8. Quality auditor expectations: common non-conformances
Based on publicly available NDIS Commission guidance, the most frequent documentation findings in group and centre based settings include:
- Behaviour support plans that are out of date or not yet trained to staff delivering the supports.
- Restrictive practice reporting missing from the Commission portal despite practices being in use.
- Incident reports that describe the event but lack evidence of investigation or corrective action.
- Service agreements that have not been updated after a participant's NDIS plan was reviewed.
- Staff training records that cannot be located or are incomplete for existing employees.
- Complaints register not maintained — providers relying on memory rather than a documented log.
Address each of these before your audit window opens. Auditors assess evidence of practice, not just the existence of a policy document.
Pulling it together
A practical approach is to create a participant-level folder (physical or digital) for each person and an organisational-level folder for governance, staffing, and facility documents.
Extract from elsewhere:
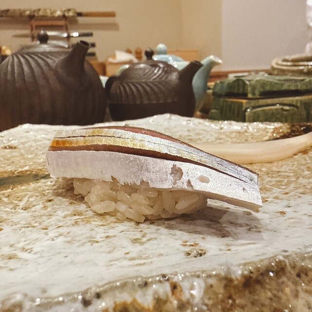 鮮度の高さを感じさせる強い弾力のある【車海老】や濃厚な甘みと旨みが渾然一体となりあとを引く味わいの【ウニ】を経て、7貫目は光り物の【さんま】だ。切りつけた身から覗く宝石のような淡いレッドが美しい。旬ということもあって脂が米粒に重なり食べ終えたあともしばらく余韻に浸れる握りだった。
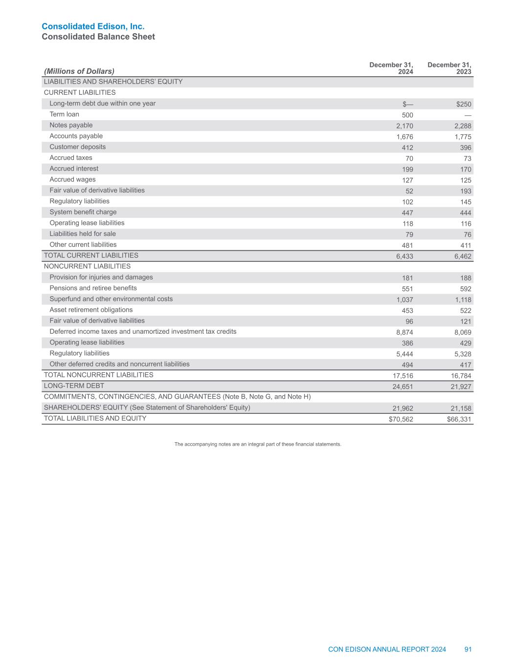 Consolidated Edison Company of New York, Inc. Consolidated Balance Sheet (Millions of Dollars) December 31, 2024 December 31, 2023 LIABILITIES AND SHAREHOLDER’S EQUITY CURRENT LIABILITIES Long-term debt due within one year $— $250 Term Loan 500 — Notes payable 1,694 1,903 Accounts payable 1,534 1,629 Accounts payable to affiliated companies 22 16 Customer deposits 397 378 Accrued taxes 65 55 Accrued taxes to affiliated companies 1 1 Accrued interest 185 159 Accrued wages 116 114 Fair value of derivative liabilities 44 179 Regulatory liabilities 40 107 System benefit charge 406 406 Operating lease liabilities 118 116 Other current liabilities 437 381 TOTAL CURRENT LIABILITIES 5,559 5,694 NONCURRENT LIABILITIES Provision for injuries and damages 176 185 Pensions and retiree benefits 506 542 Superfund and other environmental costs 942 1,026 Asset retirement obligations 452 520 Fair value of derivative liabilities 84 108 Deferred income taxes and unamortized investment tax credits 8,819 7,984 Operating lease liabilities 386 429 Regulatory liabilities 4,940 4,818 Other deferred credits and noncurrent liabilities 406 338 TOTAL NONCURRENT LIABILITIES 16,711 15,950 LONG-TERM DEBT 23,409 20,810 COMMITMENTS AND CONTINGENCIES (Note B and Note G) SHAREHOLDER’S EQUITY (See Statement of Shareholder’s Equity) 19,971 19,146 TOTAL LIABILITIES AND SHAREHOLDER’S EQUITY $65,650 $61,600 The accompanying notes are an integral part of these financial statements. CON EDISON ANNUAL REPORT 2024 103

Conduct an internal self-audit at least six months before your registration renewal date, using your checklist as a scoring tool.
If you are building your documentation suite from scratch or identifying significant gaps, ndiscompliant.com.au offers a 74-document audit-ready SIL and group-provider compliance kit that covers the full Practice Standards across all eight categories above — which can substantially reduce the time needed to reach audit readiness.
The 2026 strengthened framework is not a bureaucratic hurdle — it reflects the genuine risks that arise when vulnerable people are supported in group environments. Thorough documentation is the evidence that your organisation takes those risks seriously and acts on them every day.
Important: This article provides general guidance about NDIS compliance requirements. It is not legal or professional advice. Requirements may change as the NDIS Commission updates its policies and Practice Standards. Always verify current requirements with the NDIS Quality and Safeguards Commission or a registered NDIS consultant before making compliance decisions.